🔍 What is RAG?

Retrieval-Augmented Generation (RAG) is a technique that enhances the capabilities of Large Language Models (LLMs) by integrating external data sources. Instead of relying solely on pre-trained knowledge, RAG systems retrieve relevant information from external databases or documents to provide more accurate and context-aware responses.

I have already discussed RAG and comparison with Fine Tuning in my earlier article : RAG Simplified: Smarter AI with Real-World Knowledge

and RAG architecture at How to Build a RAG-Powered Chatbot Using JavaScript and LangChain

This article will dive deeper into code with github link.

🧰 Prerequisites

Before diving in, ensure you have the following:

Node.js installed on your machine.
API Keys for:
- OpenAI
- Pinecone

A PDF document you'd like to use for querying. I am using “Sukanya Samriddhi Account Scheme” which can be downloaded from here.

📦 Setting Up the Environment

Install the necessary packages:

npm install @langchain/community @langchain/openai @langchain/pinecone @langchain/textsplitters pdf-parse dotenv

Create a .env file in your project root and add your API keys:

OPENAI_API_KEY=your_openai_api_key
PINECONE_API_KEY=your_pinecone_api_key
PINECONE_INDEX=your_pinecone_index

⬆️ Loading and ✂️ Splitting the PDF

First, load your PDF document and split it into manageable chunks

import { PDFLoader } from "@langchain/community/document_loaders/fs/pdf";
import { RecursiveCharacterTextSplitter } from "@langchain/textsplitters";

// ⬆️ load a document
const loader = new PDFLoader(
  "./data/docs/SukanyaSamriddhiAccountSchemeRule.pdf",
  {
    splitPages: false,
  }
);
const docs = await loader.load();
// console.log(docs);

// ✂️ split the document
const splitter = new RecursiveCharacterTextSplitter({
  chunkSize: 1000,
  chunkOverlap: 150,
});
const chunks = await splitter.splitDocuments(docs);
console.log(`Split the document into ${chunks.length} sub-documents.`);
//Split the document into 14 sub-documents.

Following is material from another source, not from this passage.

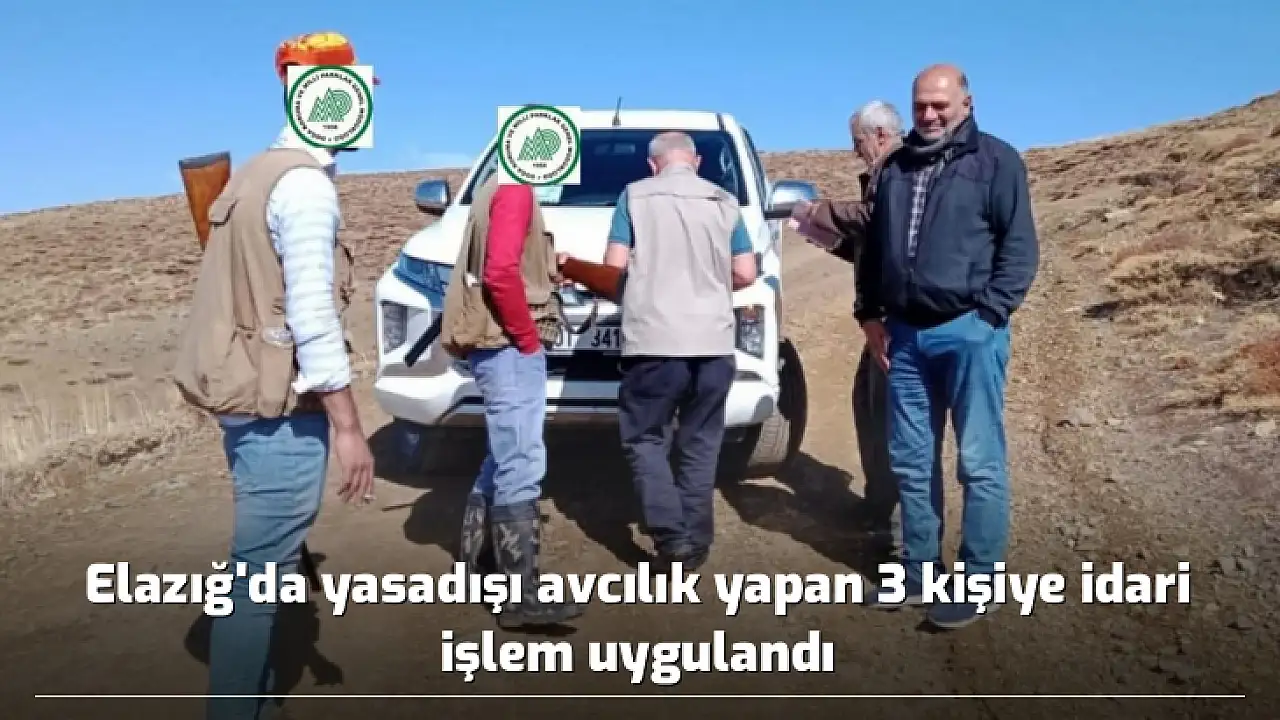Edinilen bilgiye göre, Doğa Koruma ve Milli Parklar Elazığ Şubesi ekipleri tarafından av koruma ve kontrol çalışmaları gerçekleştirildi. Çalışmalar çerçevesinde 4915 sayılı Kara Avcılığı Kanununa aykırı olarak yasadışı avcılık yapan 3 kişi hakkında idari işlem yapıldı.

The console.log(docs) gave array of Document object having structure like below:

[
 Document {
pageContent: "The text of the pdf file",
metaData: {
   source: "./data/docs/SukanyaSamriddhiAccountSchemeRule.pdf", //relative path to the pdf file
    pdf: [{
        version: '1.10.100',
         info: {
            PDFFormatVersion: '1.5',
            IsAcroFormPresent: false,
            IsXFAPresent: false,
            Author: 'nsiindia@outlook.com',
            Creator: 'Microsoft® Word 2010',
            Producer: 'Microsoft® Word 2010',
            CreationDate: "D:20210924172322+05'30'",
            ModDate: "D:20210924172322+05'30'"        
        }
        }]
        },
    id: 
    }
]

Here I have used RecursiveCharacterTextSplitter() to keep larger units like paragraph within one sub document. You can try other types of splitters also.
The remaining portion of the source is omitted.